Department of Statistics, University of Oxford, 24-29 St Giles', Oxford OX1 3LB, U.K.
Department of Chemistry, University of Pittsburgh, 219 Parkman Avenue, Pittsburgh, Pennsylvania 15260, United States.
J Chem Inf Model. 2021 Feb 22;61(2):743-755. doi: 10.1021/acs.jcim.0c01144. Epub 2021 Feb 5.
The geometry of a molecule plays a significant role in determining its physical and chemical properties. Despite its importance, there are relatively few studies on ring puckering and conformations, often focused on small cycloalkanes, 5- and 6-membered carbohydrate rings, and specific macrocycle families. We lack a general understanding of the puckering preferences of medium-sized rings and macrocycles. To address this, we provide an extensive conformational analysis of a diverse set of rings. We used Cremer-Pople puckering coordinates to study the trends of the ring conformation across a set of 140 000 diverse small molecules, including small rings, macrocycles, and cyclic peptides. By standardizing using key atoms, we show that the ring conformations can be classified into relatively few conformational clusters, based on their canonical forms. The number of such canonical clusters increases slowly with ring size.
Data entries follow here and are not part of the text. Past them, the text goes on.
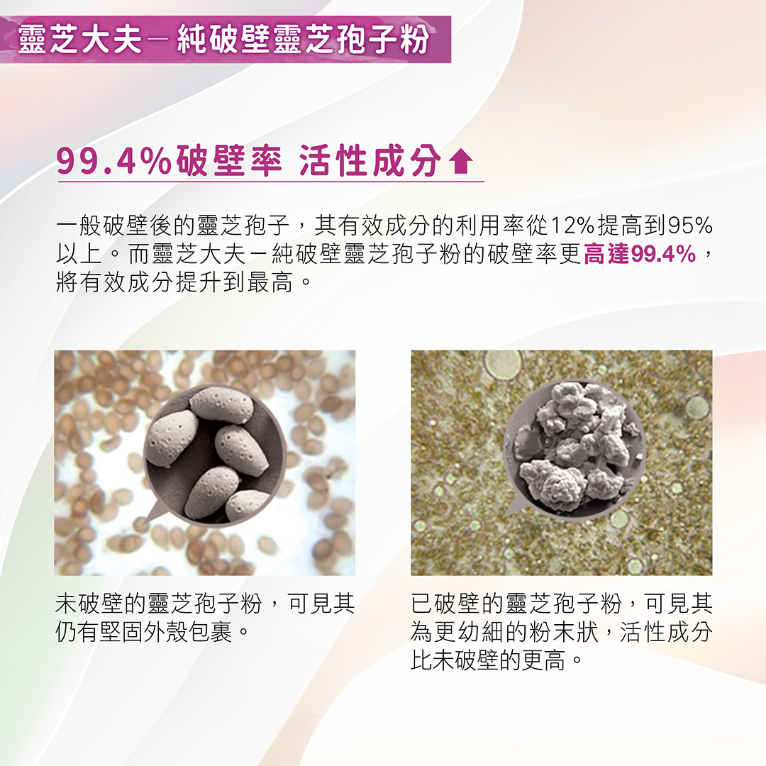纯破壁灵芝孢子粉能够通过增强体液和机体细胞的免疫功能、促进免疫细胞因数的产生及抗过敏等管道,有助增强及调节免疫力,特别适合注重健康和免疫力低的人士服用。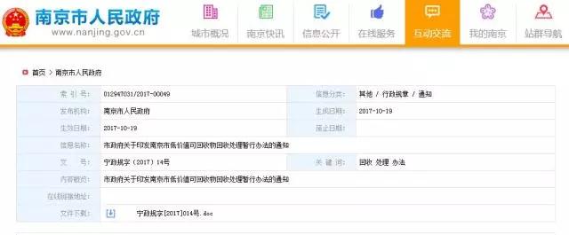 10月19日,南京市政府公布了《南京市低價值可回收物回收處理暫行辦法》,根據(jù)辦法規(guī)定,城市管理部門負責管理轄區(qū)內(nèi)低價值可回收物回收工作,并通過政府采購方式向企業(yè)購買低價值可回收物的回收、處理服務(wù)。辦法自今年11月20日起施行,有效期3年。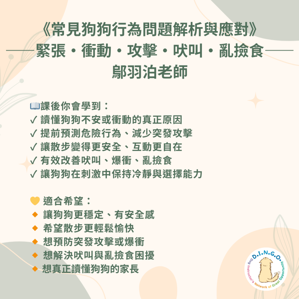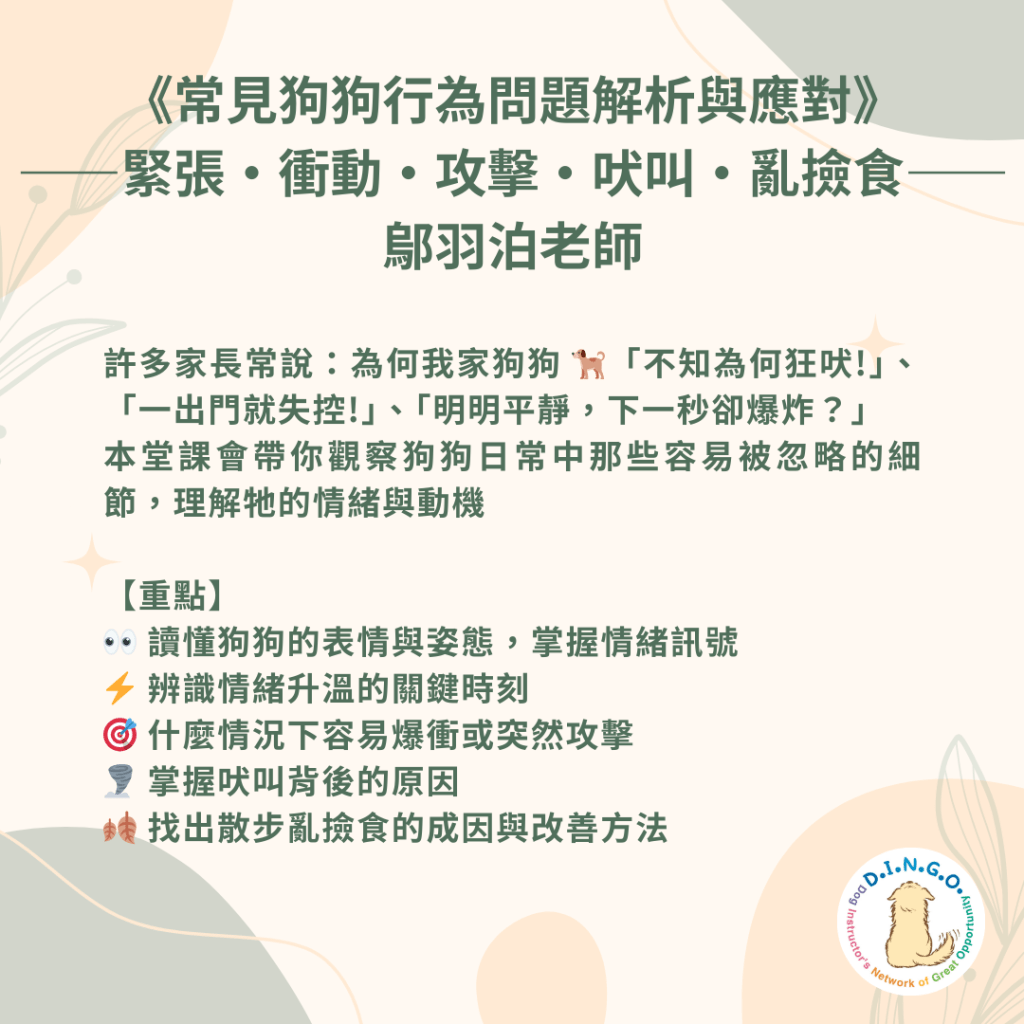 常見狗狗行為問題解析與應對 -緊張、衝動、攻擊、吠叫、亂撿食 ─鄔羽泊老師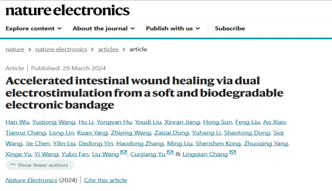 在肠道伤口愈合领域,生物与医学工程学院也取得了创新性成果,常凌乾教授团队成功研发出一种柔性、可生物降解、自供电的“电子绷带”。研究成果已于2024年3月29日在国际顶级期刊《Nature Electronics》发表。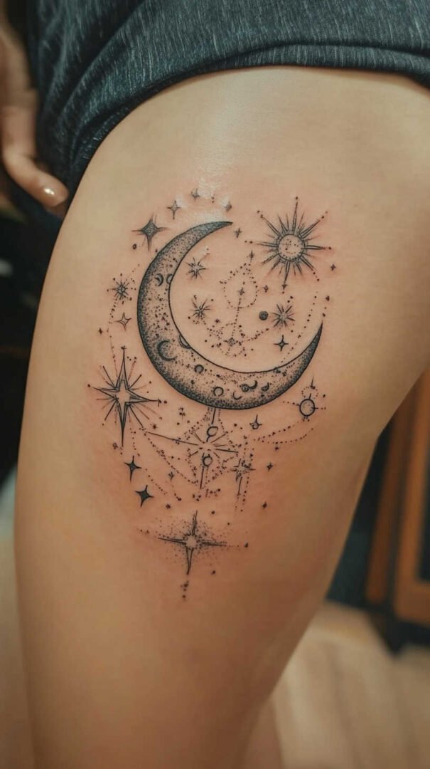 Placement enhances a tattoo’s effect. Outer thigh suits bold, visible designs that showcase during movement. Inner thigh offers privacy, ideal for sensitive or intimate motifs. Front thigh provides a balanced canvas for central focal points, while back thigh remains more concealed.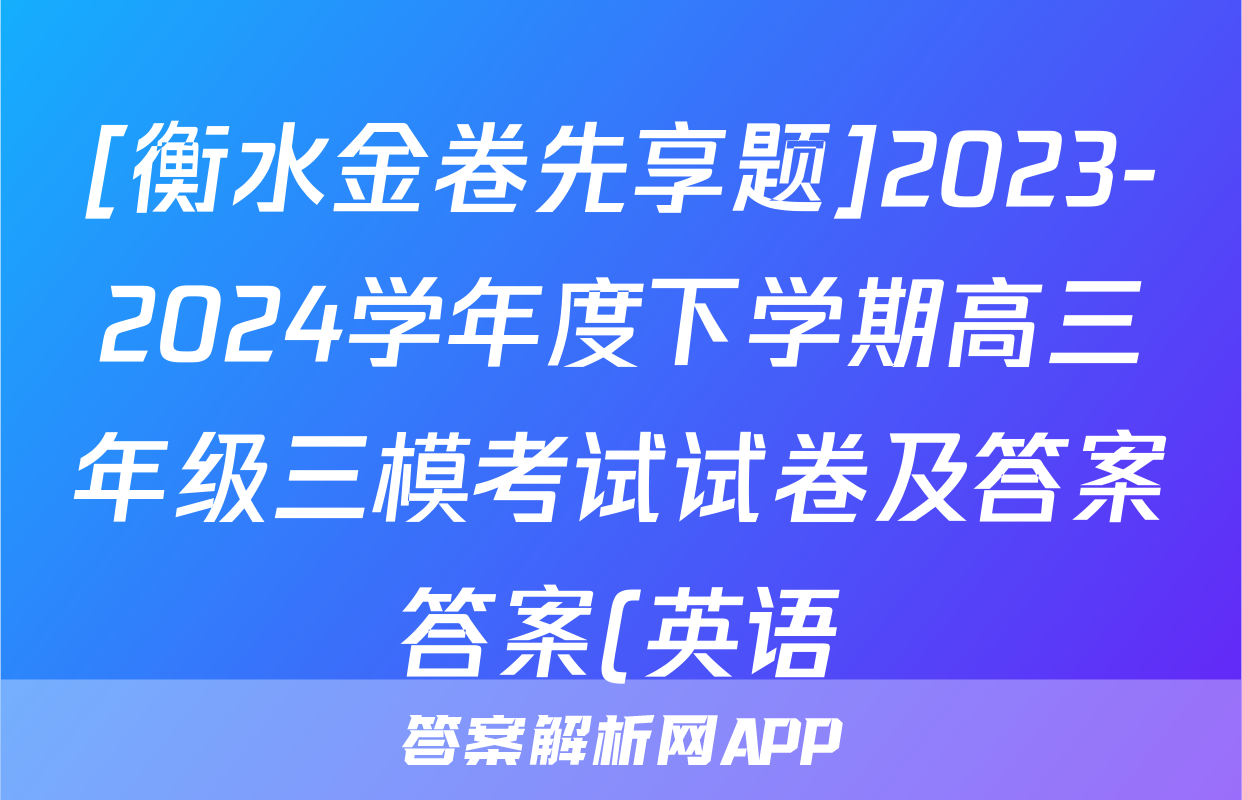 [衡水金卷先享题]2023-2024学年度下学期高三年级三模考试试卷及答案答案(英语)正在持续更新,目前2026天舟高考答案网为大家整理了相关试题及答案,供大家查缺补漏,高效提升成绩。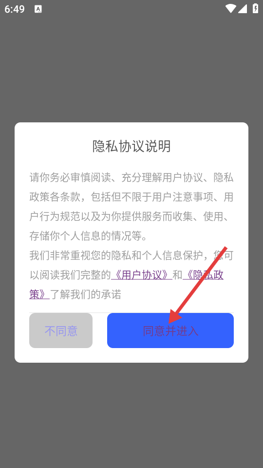 1、在“隐私协议说明”弹窗中,点击【同意并进入】按钮。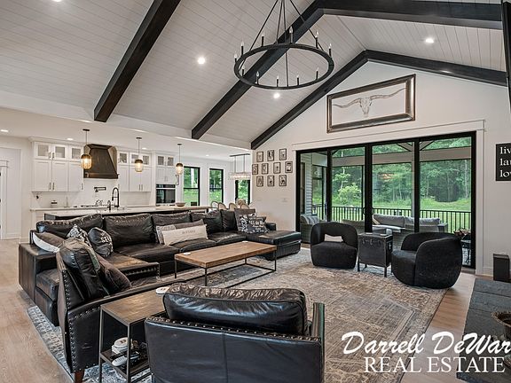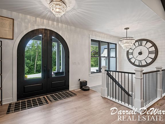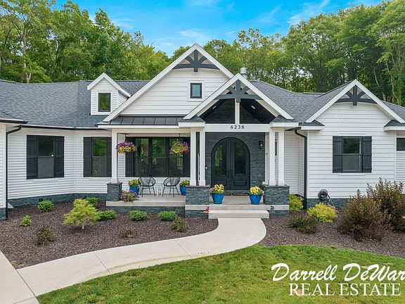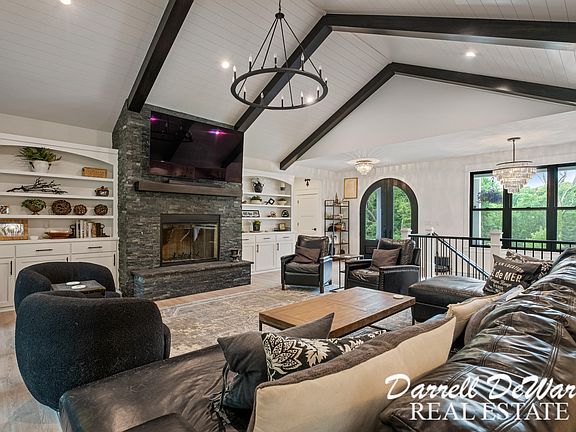 Experience luxury living in a private 3.5-acre country setting with this custom-built, 6-bedroom, 4-bath Middleville walk-out ranch. From the moment you open the custom double steel door, you are greeted by flawless design and high-end finishes. The massive gourmet kitchen boasts high-end appliances, an oversized island, and a huge hidden walk-in pantry with a 5-in-1 and icemaker. It opens to a large family room perfect for entertaining, featuring cathedral ceilings with custom beams, a large fireplace, and custom built-ins. Enjoy almost year-round living on the enclosed porch with Anderson double sliders, a gorgeous fireplace, and spectacular views. The main-floor primary suite includes a large bedroom with a paneled accent wall, a bathroom with a heated marble floor, quartz countertops, a Kohler therapeutic soaking tub, a marble shower, a spacious walk-in closet, and access to the deck. The lower level offers a living room with a wet bar kitchenette, patio access through double sliders, 4 bedrooms- one bunk-bed room for sleepover parties, and 2 full bathrooms. This home is filled with natural light and the property features everything you'd expect- maintenance-free composite decking with aluminum railing, a whole-house generator, professional landscaping, underground sprinkling, a custom tile pet shower in the mudroom, high-speed fiber optic internet, and ample space for a pool.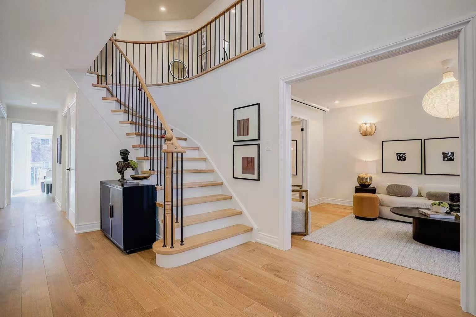 Location, Location, Location! Welcome to 78 John Stiver Crescent, a beautifully renovated home in the highly sought-after Buttonville community of Markham. Renovated top to bottom with quality finishes and thoughtful design, this residence offers exceptional comfort and functionality. The chef-inspired eat-in kitchen (2025) features quartz countertops and backsplash, under-cabinet lighting, and custom modern cabinetry. The bright breakfast area offers a seamless walkout to the backyard. The main floor boasts spacious living and dining areas, a cozy family room with fireplace, a private office, a rare 3-piece bathroom, main-floor laundry, and direct access to the garage-ideal for everyday convenience. Engineering Hardwood Flooring on main and second(2023). A curved staircase with black wrought iron railing (2022) leads to the second level, offering 4 generously sized bedrooms and 3 bathrooms. The professionally finished basement (2023) provides excellent versatility with 2 rooms, a kitchen, a 3-piece bathroom, and a large entertainment area. Rough-in for additional laundry included. Roof (2024), dimmable pot lights(2023), Heat Pump(2024). Close to Top-ranked schools - Buttonville PS, Unionville HS. Steps to parks, shopping ,banks and transit, with easy access to Hwy 404, Hwy 7, and GO Transit.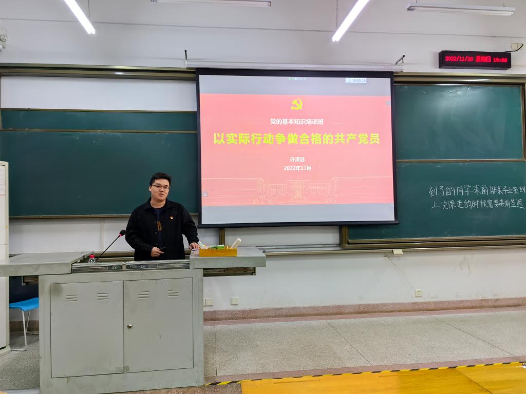 11月20日晚,英国上市公司官网365第82期党校发展对象专题培训班在四教C104举行,英国上市公司官网365党校课程组成员、资源与环境学院许泽远老师从入党动机、党员标准、入党手续、党员的先进性与纯洁性四个方面向发展对象进行讲授。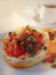 Cut the bagels in half and spread the base generously with cream cheese, then top with the salmon.

Ring puckering motions, especially pseudo-rotations, are generally restricted and differ between clusters. More importantly, we propose models to map puckering preferences to torsion space, which allows us to understand the inter-related changes in torsion angles during pseudo-rotation and other puckering motions. Beyond ring puckers, our models also explain the change in substituent orientation upon puckering. We also present a novel knowledge-based sampling method using the puckering preferences and coupled substituent motion to generate ring conformations efficiently. In summary, this work provides an improved understanding of general ring puckering preferences, which will in turn accelerate the identification of low-energy ring conformations for applications from polymeric materials to drug binding.
分子的几何形状在决定其物理和化学性质方面起着重要作用。尽管它很重要,但关于环扭转和构象的研究相对较少,通常集中在小环烷烃、5-和 6 元碳水化合物环以及特定的大环家族上。我们对中等大小的环和大环的扭转偏好缺乏全面的了解。为了解决这个问题,我们对一组多样化的环进行了广泛的构象分析。我们使用 Cremer-Pople 扭转坐标研究了一组 140000 个不同小分子中环构象的趋势,包括小环、大环和环肽。通过使用关键原子进行标准化,我们表明,根据它们的典型形式,环构象可以分为相对较少的构象簇。这样的典型簇的数量随着环的大小缓慢增加。环扭转运动,特别是拟旋转,通常受到限制,并且在簇之间有所不同。更重要的是,我们提出了将扭转空间映射到扭转空间的模型,这使我们能够理解在拟旋转和其他扭转运动过程中扭转角的相关变化。除了环扭转外,我们的模型还解释了扭转时取代基取向的变化。我们还提出了一种新颖的基于知识的采样方法,使用扭转偏好和耦合取代基运动来有效地生成环构象。总之,这项工作提供了对一般环扭转偏好的更好理解,这反过来又将加速识别用于从聚合材料到药物结合的低能环构象。